TASK INPUTS =

=== Begin Enclosure ===

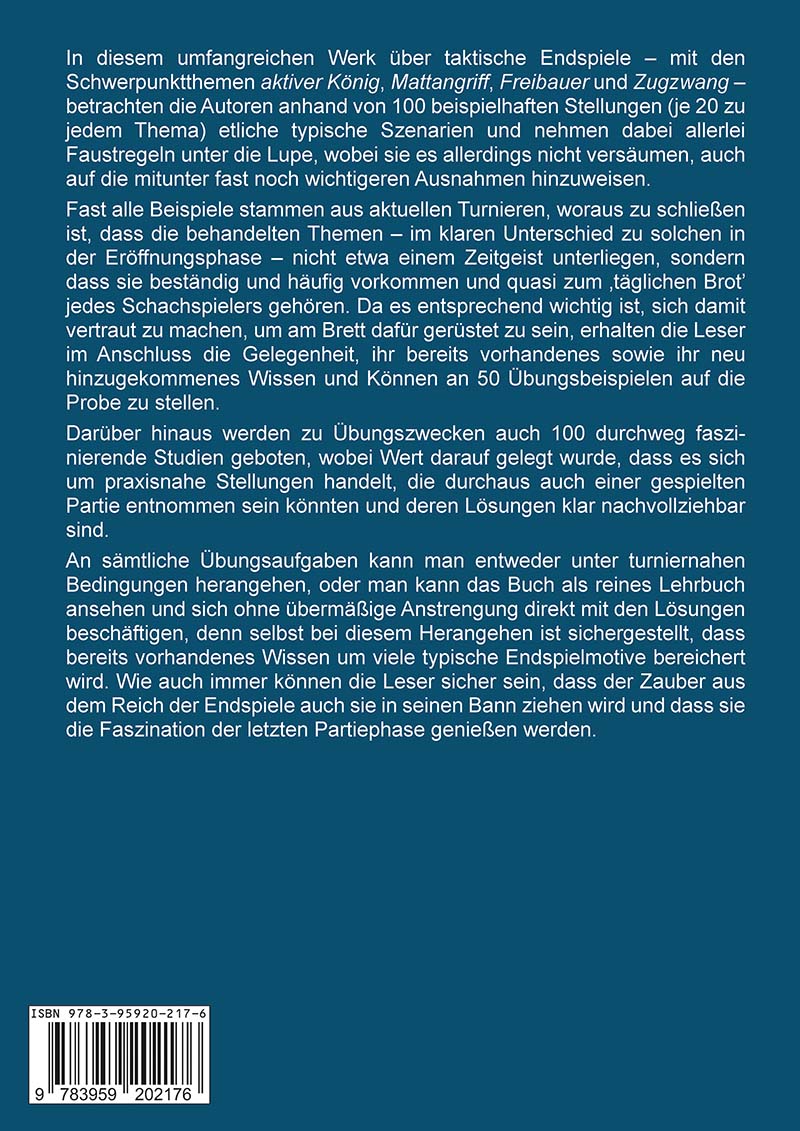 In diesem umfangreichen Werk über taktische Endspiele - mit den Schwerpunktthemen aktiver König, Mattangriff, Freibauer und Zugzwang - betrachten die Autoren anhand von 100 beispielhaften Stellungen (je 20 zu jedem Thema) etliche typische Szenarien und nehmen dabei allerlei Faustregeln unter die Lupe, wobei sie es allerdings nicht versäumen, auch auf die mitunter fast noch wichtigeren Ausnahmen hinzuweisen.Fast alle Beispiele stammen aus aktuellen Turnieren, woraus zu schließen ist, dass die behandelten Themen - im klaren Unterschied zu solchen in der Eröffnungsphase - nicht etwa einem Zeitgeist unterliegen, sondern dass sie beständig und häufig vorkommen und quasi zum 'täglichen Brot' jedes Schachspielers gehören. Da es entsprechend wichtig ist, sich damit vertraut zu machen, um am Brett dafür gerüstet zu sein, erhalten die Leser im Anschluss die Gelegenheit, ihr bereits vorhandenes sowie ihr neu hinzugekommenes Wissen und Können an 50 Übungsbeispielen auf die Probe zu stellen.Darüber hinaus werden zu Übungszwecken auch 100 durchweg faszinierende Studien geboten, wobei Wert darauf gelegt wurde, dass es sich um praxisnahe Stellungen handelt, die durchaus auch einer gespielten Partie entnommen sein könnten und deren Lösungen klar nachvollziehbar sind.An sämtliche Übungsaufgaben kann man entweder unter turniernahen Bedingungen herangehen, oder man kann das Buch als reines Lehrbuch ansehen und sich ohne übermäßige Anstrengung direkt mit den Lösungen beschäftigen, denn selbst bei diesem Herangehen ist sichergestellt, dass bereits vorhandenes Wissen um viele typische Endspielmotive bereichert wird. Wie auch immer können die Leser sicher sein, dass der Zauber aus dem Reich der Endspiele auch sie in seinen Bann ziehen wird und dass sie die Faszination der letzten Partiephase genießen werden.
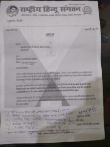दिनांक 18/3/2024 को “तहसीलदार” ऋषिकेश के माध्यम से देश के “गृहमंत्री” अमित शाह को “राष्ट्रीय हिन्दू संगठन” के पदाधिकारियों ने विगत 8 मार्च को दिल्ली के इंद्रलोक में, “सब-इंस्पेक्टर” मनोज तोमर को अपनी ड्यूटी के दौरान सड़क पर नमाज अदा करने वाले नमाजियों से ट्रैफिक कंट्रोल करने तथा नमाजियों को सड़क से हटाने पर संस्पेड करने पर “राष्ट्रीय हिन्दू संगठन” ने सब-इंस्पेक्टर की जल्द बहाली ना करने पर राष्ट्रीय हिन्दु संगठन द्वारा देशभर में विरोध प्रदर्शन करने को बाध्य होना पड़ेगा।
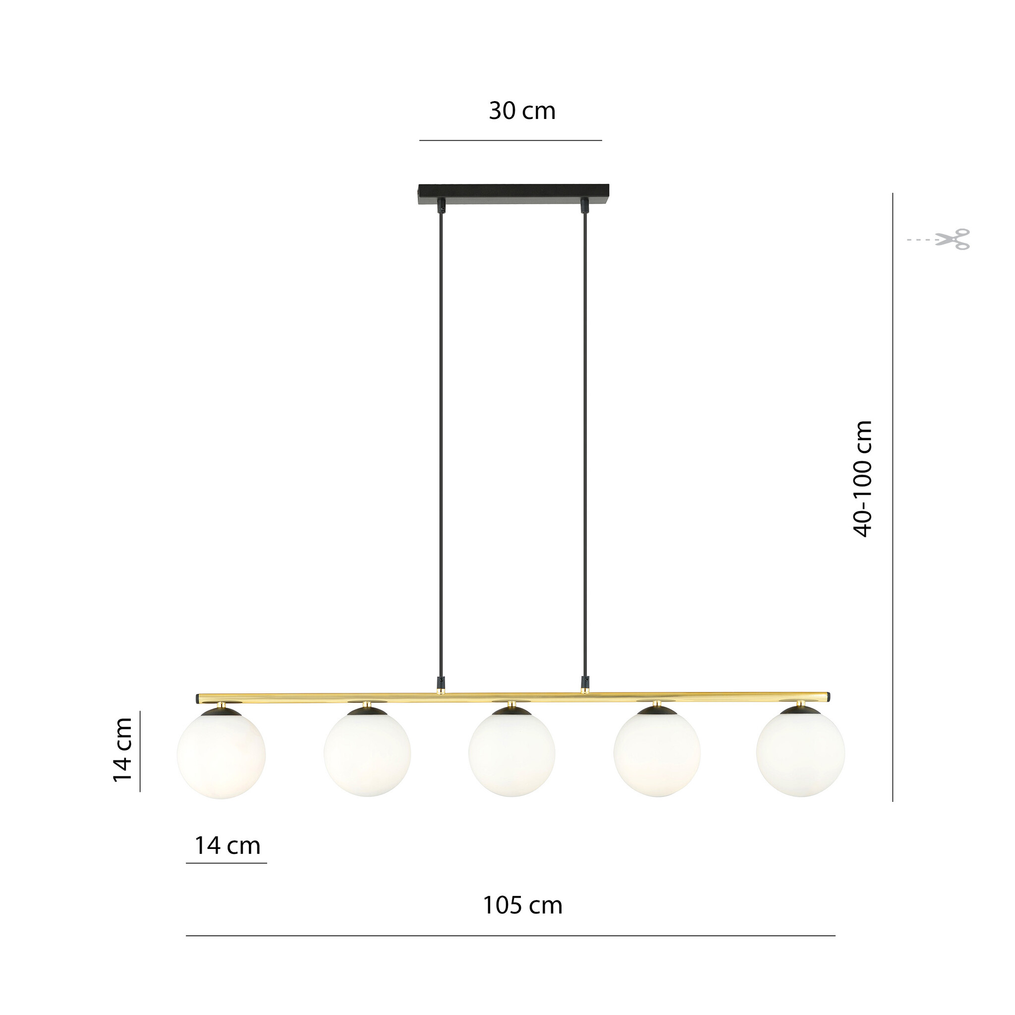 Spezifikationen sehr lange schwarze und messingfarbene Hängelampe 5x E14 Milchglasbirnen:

=== End Enclosure ===
=== Begin Enclosure ===

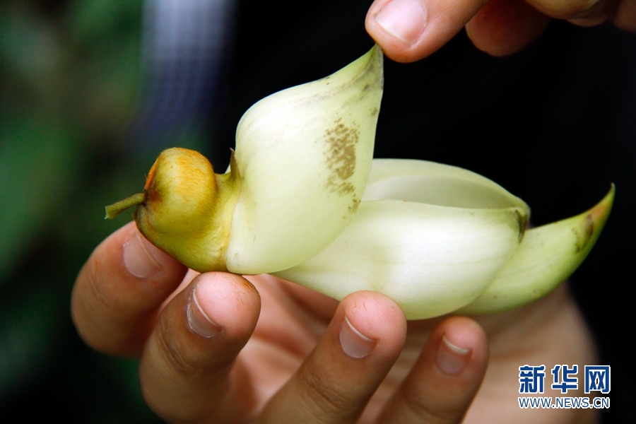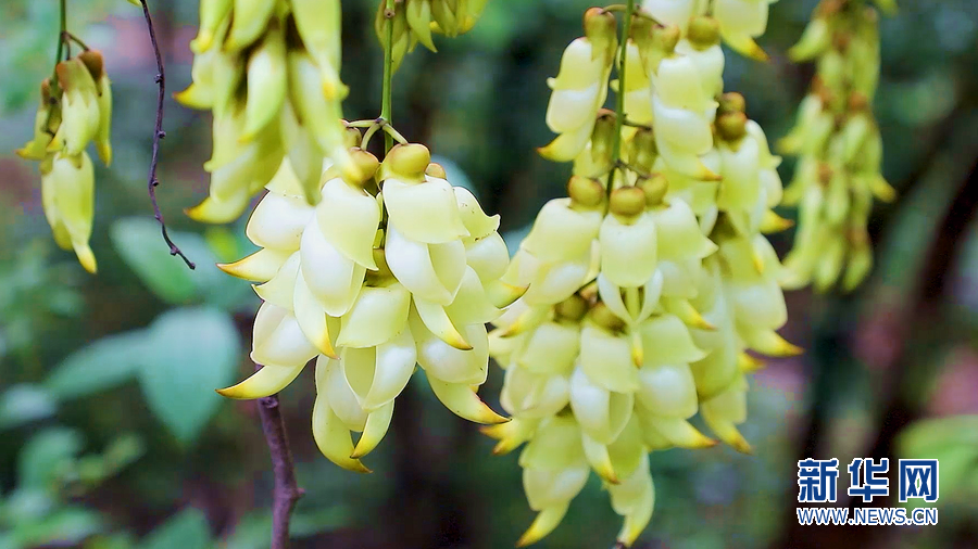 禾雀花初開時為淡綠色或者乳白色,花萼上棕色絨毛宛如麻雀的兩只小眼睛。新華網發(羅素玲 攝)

=== End Enclosure ===

WHAT YOU WILL DO =
Start with the line above containing "दिनांक 18/3/2024 को" and end with the line containing "Spezifikationen sehr lange". Set down that stretch exactly, without any pictures.

YOUR SOLUTION =
दिनांक 18/3/2024 को “तहसीलदार” ऋषिकेश के माध्यम से देश के “गृहमंत्री” अमित शाह को “राष्ट्रीय हिन्दू संगठन” के पदाधिकारियों ने विगत 8 मार्च को दिल्ली के इंद्रलोक में, “सब-इंस्पेक्टर” मनोज तोमर को अपनी ड्यूटी के दौरान सड़क पर नमाज अदा करने वाले नमाजियों से ट्रैफिक कंट्रोल करने तथा नमाजियों को सड़क से हटाने पर संस्पेड करने पर “राष्ट्रीय हिन्दू संगठन” ने सब-इंस्पेक्टर की जल्द बहाली ना करने पर राष्ट्रीय हिन्दु संगठन द्वारा देशभर में विरोध प्रदर्शन करने को बाध्य होना पड़ेगा।
 Spezifikationen sehr lange schwarze und messingfarbene Hängelampe 5x E14 Milchglasbirnen:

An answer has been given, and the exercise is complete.